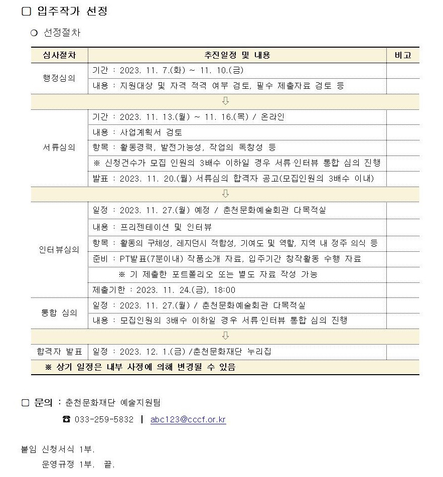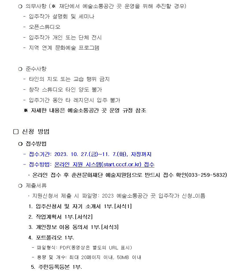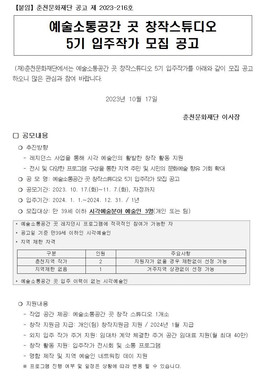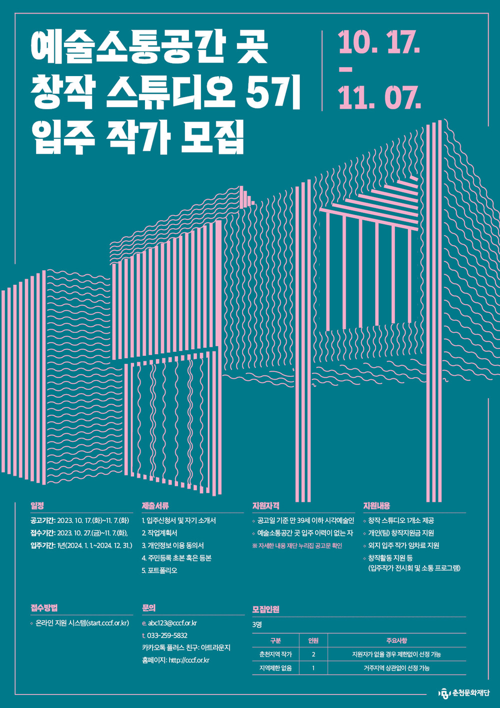 춘천문화재단 예술소통공간 곳 창작스튜디오 5기 입주작가 모집 공고
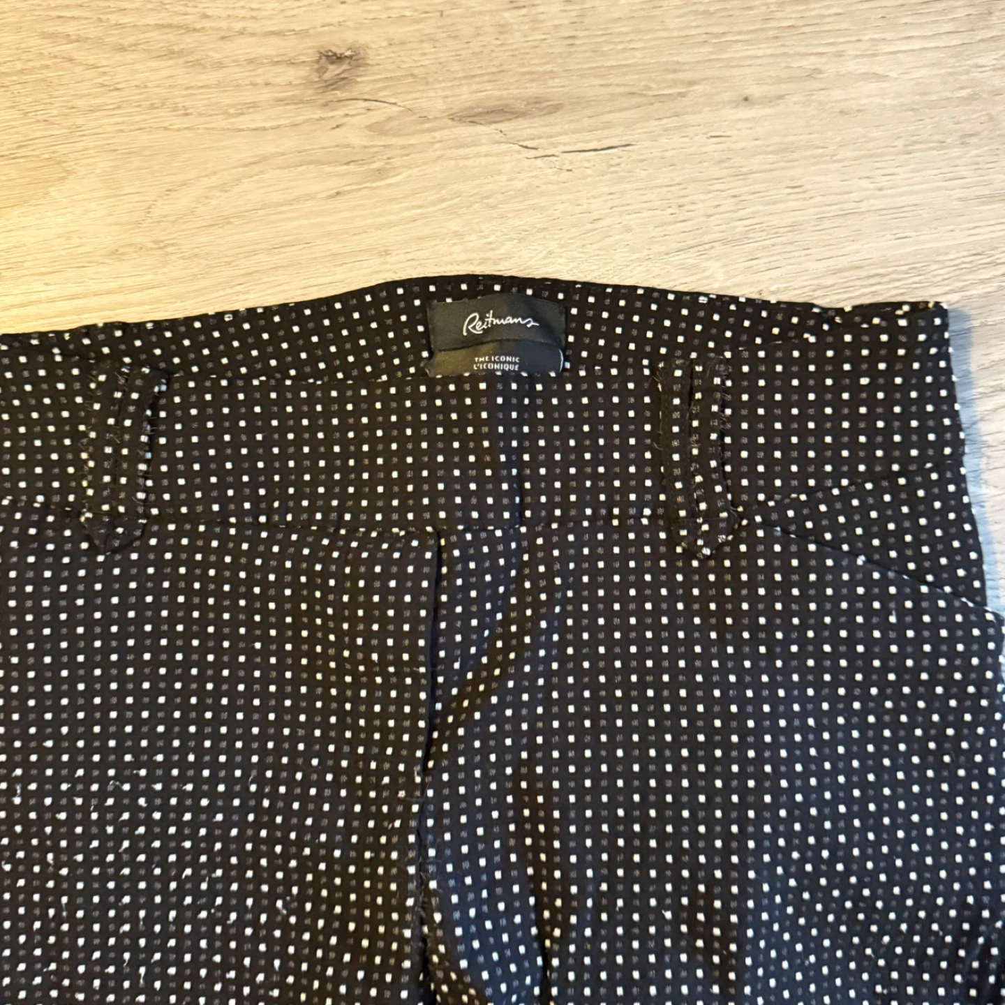 Reitmans pants in a black and white polka dot pattern. These pants are in great condition. They would be a great addition to your wardrobe!
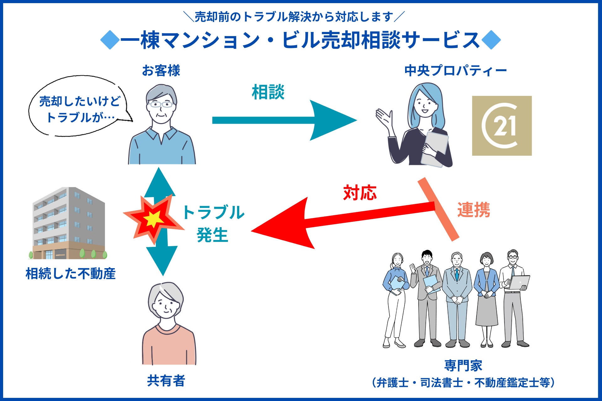 一棟マンションや一棟ビルを相続した方に、この「一棟マンション・一棟ビルの売却相談サービス」が問題解決に少しでもお役に立てたらと考えております。
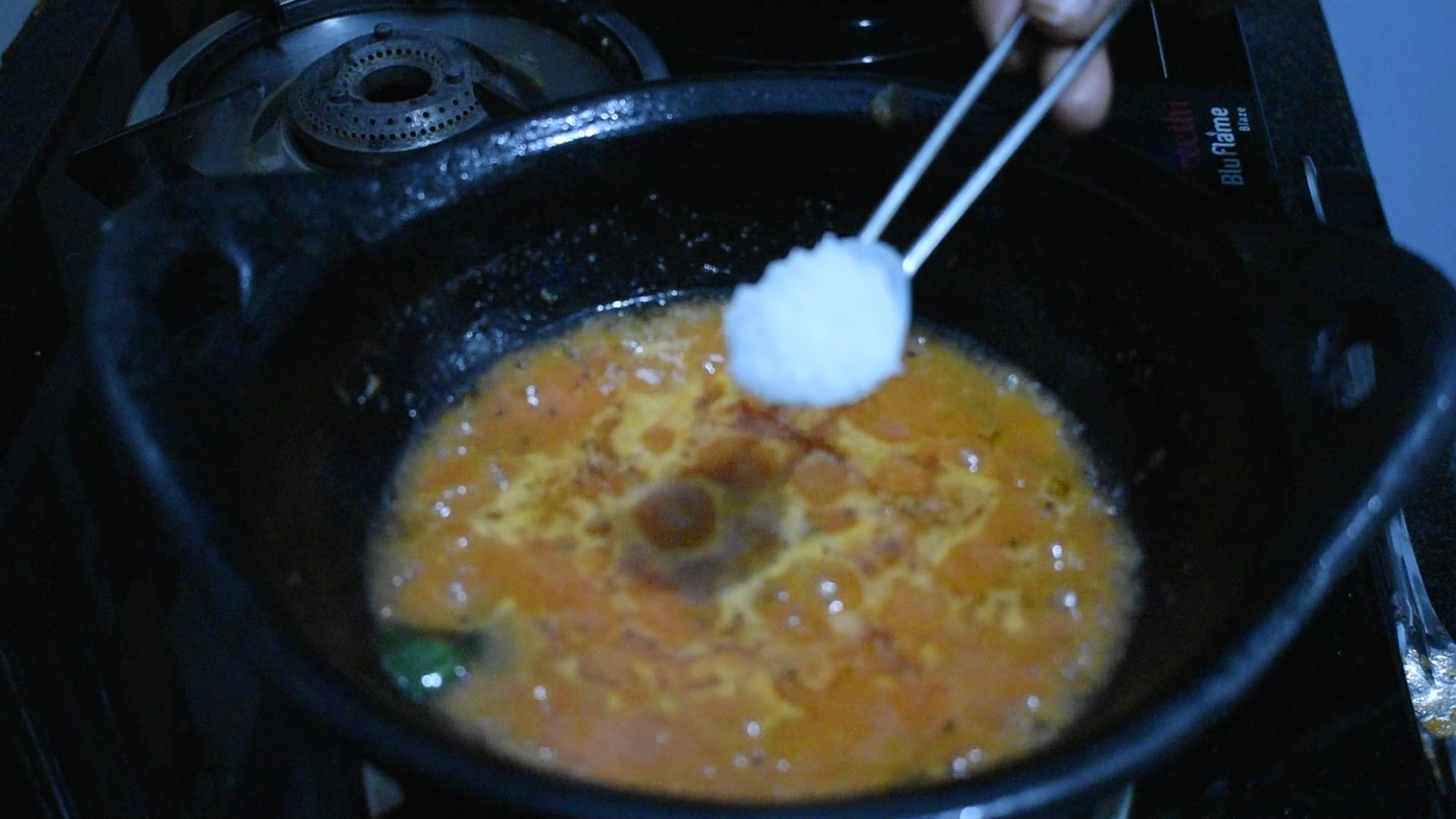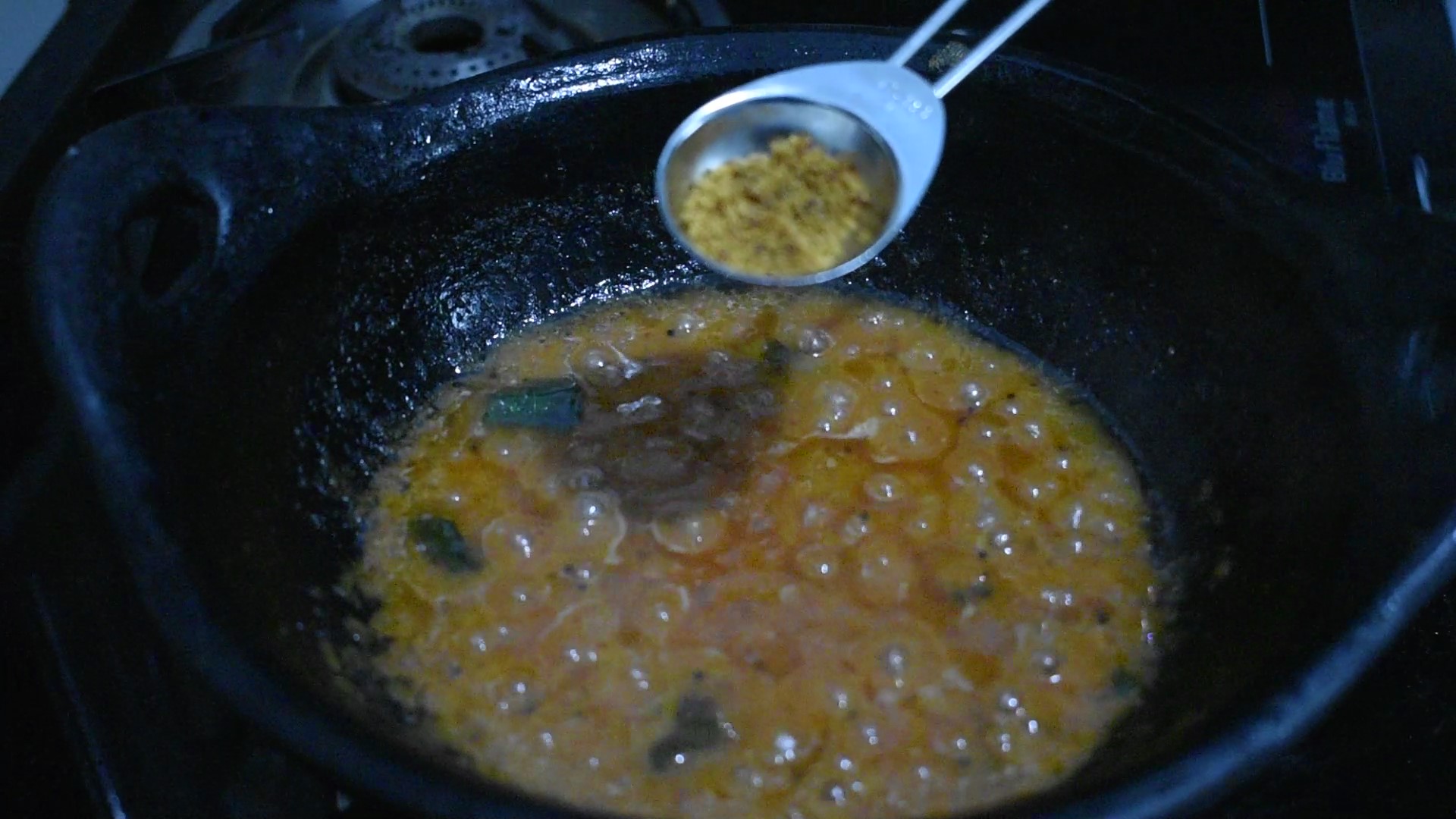 Add 100 ml of oil to a kadai in medium flame. When the oil heats up add mustard seeds, fengreek seeds, curry leaves, asafoetida powder and the ground paste and stir well. Add salt according to your taste. Close and cook for 7-10 mins in medium flame.
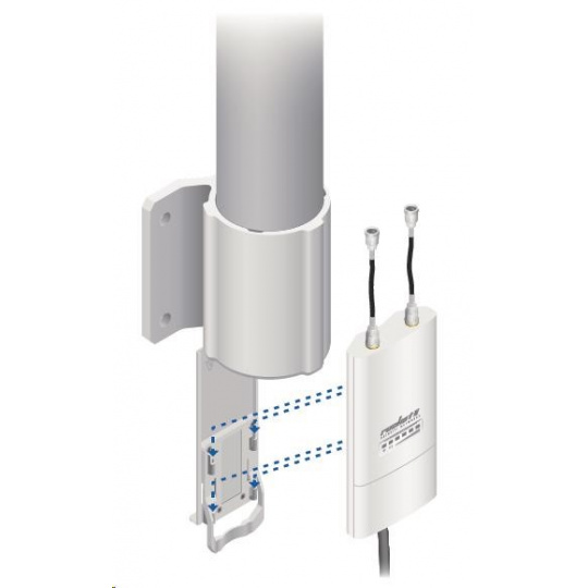 je to robustné 10dbi všesmerové anténne riešenie pre prístupové body pracujúce v pásme 2.4GHz a pomocou 802.11n v kombinácii s technológiou MIMO. Anténa má dva konektory RSMA typu žena. Súčasťou dodávky sú dva vodotesné pigtaily RSMA na pripojenie k jednotke Rocket M2, držiak pre túto jednotku a montážna súprava na stožiar, pozri. obr.
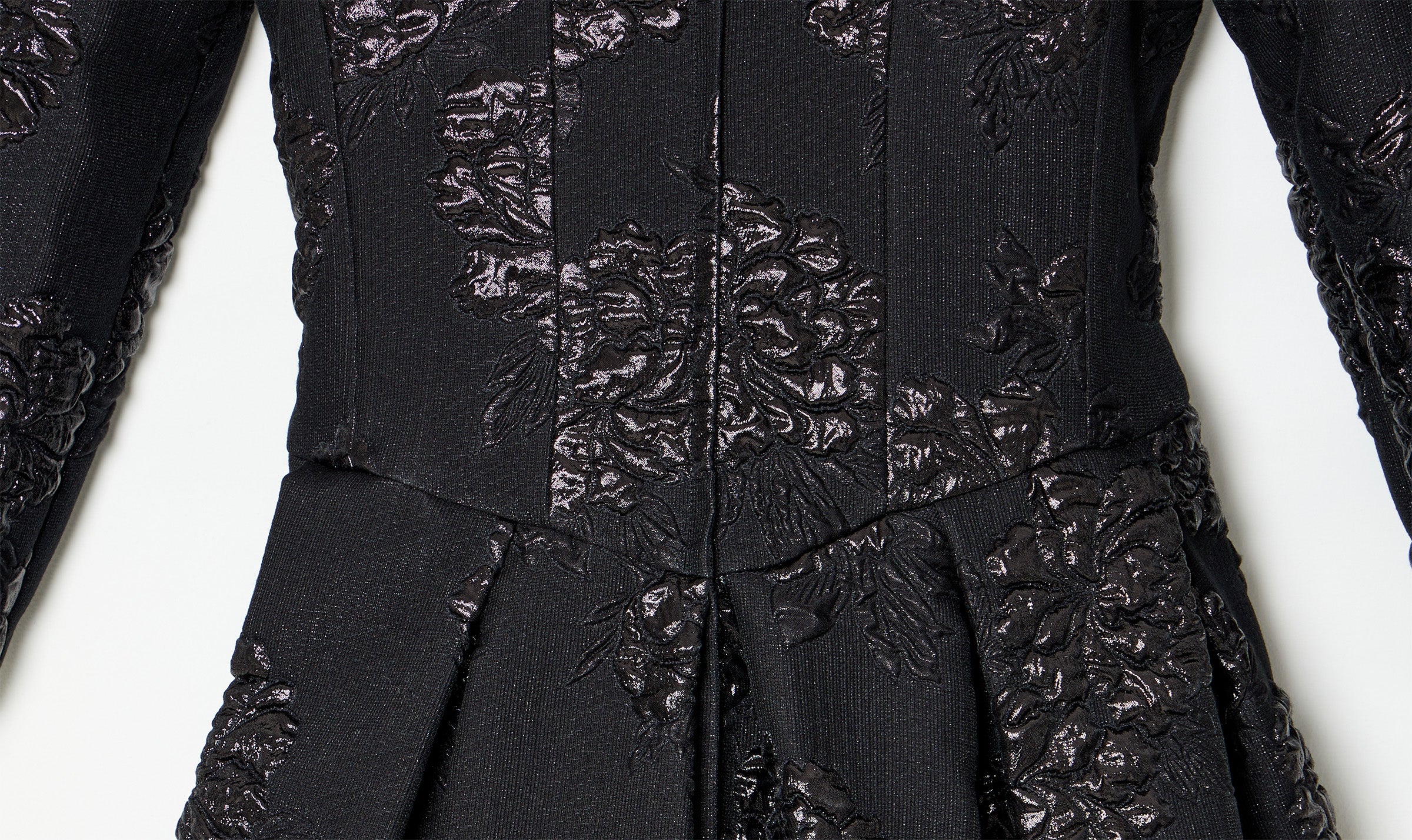 longuette dress, black, big shiny roses details, round neckline, long sleeve, zipper on the back, side pockets
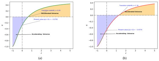 Here, denotes the decelerating phase of the universe, denotes the accelerating phase, represents the transition point where the universe shifts from the deceleration phase to the acceleration phase.
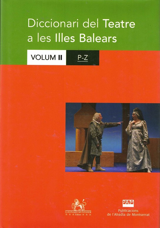 Segon volum del primer treball de conjunt sobre l?activitat escènica produïda a les Illes. Obra de síntesi i de recerca, defuig intencionadament d?identificar el teatre únicament amb la literatura dramàtica i inclou entrades referides a actors i actrius, espais escènics, cantants lírics, grups i companyies teatrals, directors, tramoistes, decoradors, empresaris i productors, músics i promotors, així com també recull informació sobre la música dramàtica o sobre les manifestacions folklòriques o tradicionals que contenen més elements teatrals o parateatrals. Promogut per la Conselleria d?Educació i Cultura del Govern Balear. Coeditat amb Lleonard Muntaner, editor.
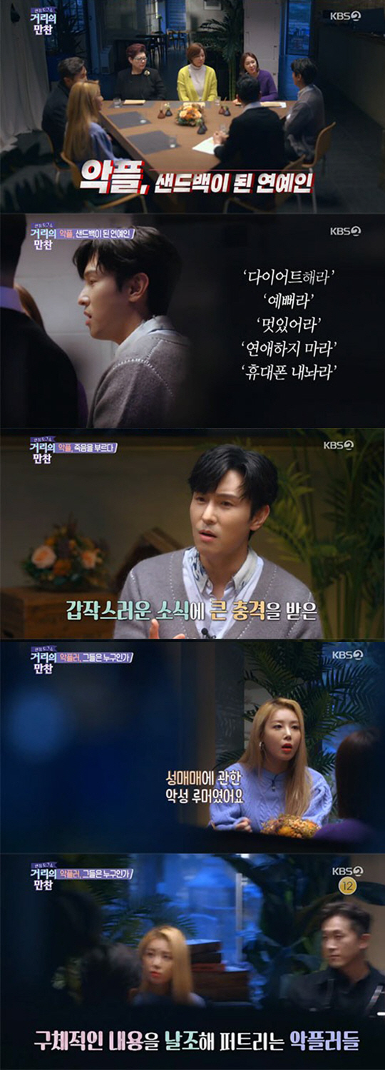 손수호 변호사는 "악플 때문에 활동 중단은 물론 해외 이민, 극단적 선택을 구체적으로 하는 경우도 있다"면서 "우리나라에 악플죄는 없고, 대신 모욕죄와 명예훼손이 있다"고 설명했다.

· · · ·

→ **WHAT YOU ARE ASKED TO DO**:
Take the material above from its first line through the line that has "longuette dress, black, big" and copy it exactly, without any pictures.

→ **ANSWER TO THE PROBLEM**:
 춘천문화재단 예술소통공간 곳 창작스튜디오 5기 입주작가 모집 공고
 Reitmans pants in a black and white polka dot pattern. These pants are in great condition. They would be a great addition to your wardrobe!
 一棟マンションや一棟ビルを相続した方に、この「一棟マンション・一棟ビルの売却相談サービス」が問題解決に少しでもお役に立てたらと考えております。
 Add 100 ml of oil to a kadai in medium flame. When the oil heats up add mustard seeds, fengreek seeds, curry leaves, asafoetida powder and the ground paste and stir well. Add salt according to your taste. Close and cook for 7-10 mins in medium flame.
 je to robustné 10dbi všesmerové anténne riešenie pre prístupové body pracujúce v pásme 2.4GHz a pomocou 802.11n v kombinácii s technológiou MIMO. Anténa má dva konektory RSMA typu žena. Súčasťou dodávky sú dva vodotesné pigtaily RSMA na pripojenie k jednotke Rocket M2, držiak pre túto jednotku a montážna súprava na stožiar, pozri. obr.
 longuette dress, black, big shiny roses details, round neckline, long sleeve, zipper on the back, side pockets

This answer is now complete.